Coventry remained a wasteland. On one of her visits Dolly said, 'You'd have thought they'd start rebuilding this place, Flo - it's no setting for bringing up a kiddie.'

'Oh,' said Florence. "They keep talking about doing this and that but nothing ever happens. If anyone does produce an idea then the Council can't make up its mind.'

'Your George should go along with some of his models.'

Florence just sniffed.

Dolly whispered the question. 'Still Lilly, then?' To which Florence just sniffed the louder.

Little Audrey liked to watch as Florence bathed and caressed and spoke to her baby boy. She watched the games and the rituals as Patrick meticulously put brick upon brick without knocking them down. 'Mother's little builder,' Florence would say, or 'Who's Mummy's clever boy, then?' Little Audrey saw that George looked on but said nothing.
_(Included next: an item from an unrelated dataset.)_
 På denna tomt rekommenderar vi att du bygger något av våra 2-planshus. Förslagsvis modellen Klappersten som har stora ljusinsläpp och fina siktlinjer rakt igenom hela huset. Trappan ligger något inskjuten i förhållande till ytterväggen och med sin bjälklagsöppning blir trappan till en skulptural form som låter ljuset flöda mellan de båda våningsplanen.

And that he built the boy things that Florence brushed aside. The general view of Patrick's great talent with the bricks was that he would one day grow up to rebuild Coventry, probably single-handedly, and be the wonder of the world. Little Audrey smiled and clapped as the bricks went higher but she was never allowed to touch. Once, overcome at the great height of the tower of coloured wood Patrick had made, she tottered over and gave it a mighty, satisfying punch and the bricks went everywhere. Patrick looked at her coldly and rebuilt his tower. He ignored her for the rest of the afternoon. She did not do it again.
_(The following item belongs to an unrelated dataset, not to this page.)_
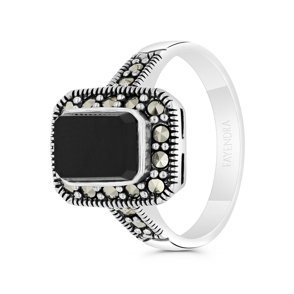 خاتم من الفضة الخالصة عيار 925 مرصع احجار اونكس و ماركسايت

But Little Audrey showed she had some tricks of her own. As soon as Patrick saw how she sat up at the table and made use of a spoon all on her own - with a few spillages which Florence made quite a bustling fuss about - Patrick followed suit. Perfectly. He also asked for another cushion. Little Audrey sat on one, he would sit on two. When his mother tried to help him guide his spoon, he pushed away her hand. His first act of extreme independence and Florence was saddened to the core.